The Article VI doctrine, known as the Supremacy Clause, requires a state action be declared unenforceable where valid federal legislation preempts state authority. In determining whether state law is preempted, courts look to whether there is express preemption, field preemption, or conflict preemption in the area.Defendants argue that claims based on bad faith filings are preempted here, because the Bankruptcy Code preempts state law tort claims in the entire field of bankruptcy. Title 11 gives federal courts original and exclusive jurisdiction of all cases under it, that is, cases in bankruptcy. Further, Title 11 contains remedies and penalties for the exploitation of its process, presumably including bad-faith abuse of process. Federal authority, however, appears split on whether abuse of process in regard to an improper bankruptcy filing is preempted, or whether a state court can entertain an analogous claim. At this plaintiff-friendly stage, the record should be further developed to assist in determining whether Count X is preempted by the Bankruptcy Code, thus Defendants' motion to dismiss relating to this claim is denied on that basis without prejudice to further motion practice upon a record.

See Blum v. Bacon, 457 U.S. 132 (1982).

Farina v. Nokia Inc., 625 F.3d 97, 115 (3d Cir. 2010) (quoting Hillsborough Cnty. v. Automated Med. Labs., Inc., 471 U.S. 707, 713 (1985)).

DF OB 48-50.

See 11 U.S.C. § 303(i)(2) (individuals who file involuntary bankruptcy petitions in bad faith are liable for damages); 11 U.S.C. § 362(h) (individuals who willfully violate bankruptcy stays are liable for damages); Astor Holdings, Inc. v. Roski, 325 F.Supp.2d 251, 262 (S.D.N.Y. 2003).

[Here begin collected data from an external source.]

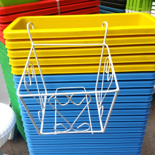 Bộ khung-chậu trồng hoa, rau treo lan can ban công sẽ giúp bạn tiết kiệm tối đa diện tích gieo trồng của mình mà vẫn đảm bảo mỹ quan, đẹp mắt bà sự tiện lợi trong việc chăm sóc. Kích thước bộ khung-chậu làcao 17cm x cạnh trên 21cm vừa xinh dễ dàng di chuyển, gieo trồng nhẹ nhàng, chất liệu nhựa và sắt chống rỉ sét cứng cáp, chắc chắn và bền đẹp. Nếu nhà bạn có không gian nhỏ hoặc muốn tiết kiệm không gian trồng thì hãy dùng bộ khung-chậu trồng cây chữ nhật này nhé.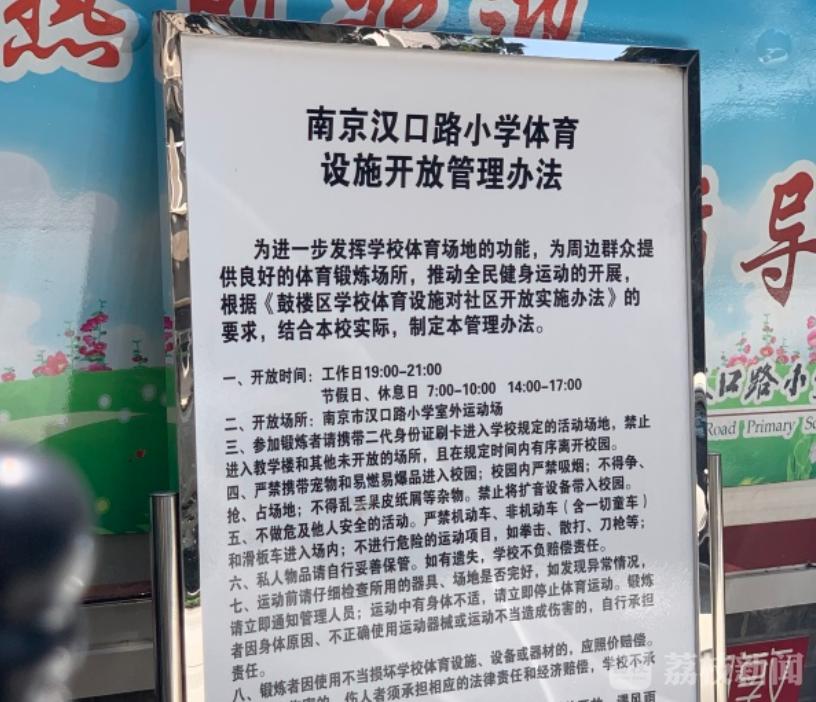 南京市汉口路小学在校门左手边,摆放了该校体育设施开放管理办法,对开放时间、开放场地、可从事运动和预约电话等事项做出明确公示。工作人员告诉记者,只要在规定开放时间,就可以到学校运动。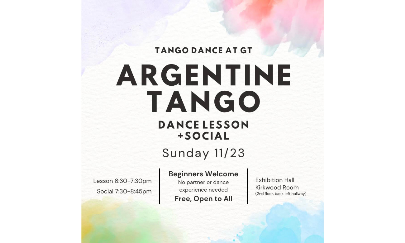 Argentine Tango Beginner Dance Lesson and Social Sunday November 23, 2025 6:30PM - 8:45PM Contact Information Tyler Rhodes Location Exhibition Hall - Kirkwood Event time Sun, 11/23/2025 - 18:30 - Sun, 11/23/2025 - 20:45 Argentine Tango Beginner Dance Lesson and Social Beginners welcome, free and open to all, no partner or dance experience needed. Event Categories Arts and Performance Student sponsored Invited Audiences Faculty/Staff Public Graduate students Undergraduate students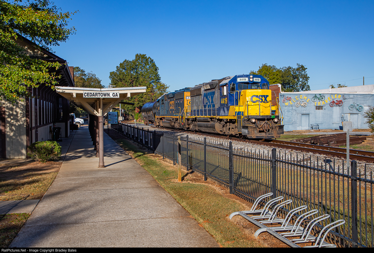 | CSXT GP40-2 #4419 still wearing it's YN2 paint scheme leads local L810-17 back to Cartersville as they pass by the Welcome Center in Cedartown, GA. The Welcome Center was built in 2004 as a replica of the Seaboard Air Line Railway depot. |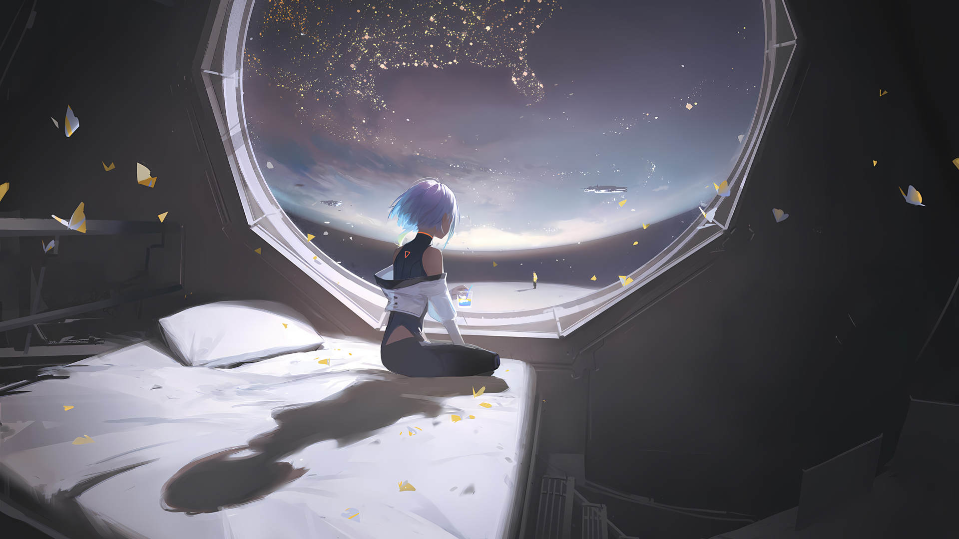 女孩明亮眼睛甜美笑容坐势动漫风景免费电脑壁纸下载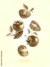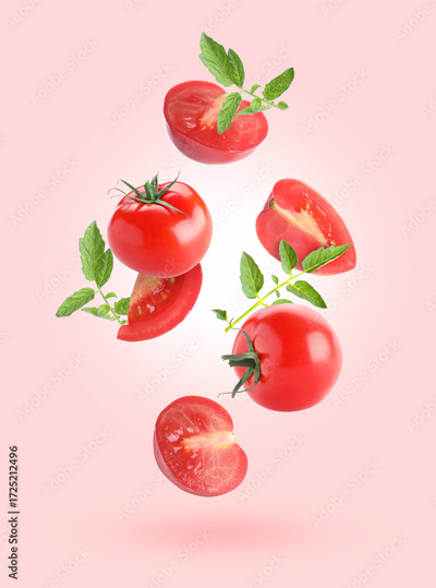 Fresh ripe tomatoes and green leaves falling against pink background

See Kecki v. Texas Enters., LLC, 2021 WL 3237134, at *3 (Del. Ch. July 30, 2021) (citing Nelson v. Emerson, 2008 WL 1961150, at *8 n.51 (Del. Ch. May 6, 2008)); In re Bral, 622 B.R. 737, 744-47 (9th Cir. 2020); Rosenberg v. DVI Receivables XVII, LLC, 835 F.3d 414 (3d Cir. 2016); Robbins v. Fulton Bank, N.A., 2018 WL 1693386 (E.D. Pa. Apr. 6, 2018)).

I now turn to Defendants' alternative argument of collateral estoppel. The doctrine of collateral estoppel states that "when an issue of ultimate fact has once been determined by a valid and final judgment, that issue cannot again be litigated between the same parties in any future lawsuit." To trigger collateral estoppel, each of the following four factors must be present: "'(1) the issue previously decided is identical with the one presented in the action in question, (2) the prior action has been finally adjudicated on the merits, (3) the party against whom the doctrine is invoked was a party or in privity with a party to the prior adjudication, and (4) the party against whom the doctrine is raised had a full and fair opportunity to litigate the issue in the prior action.""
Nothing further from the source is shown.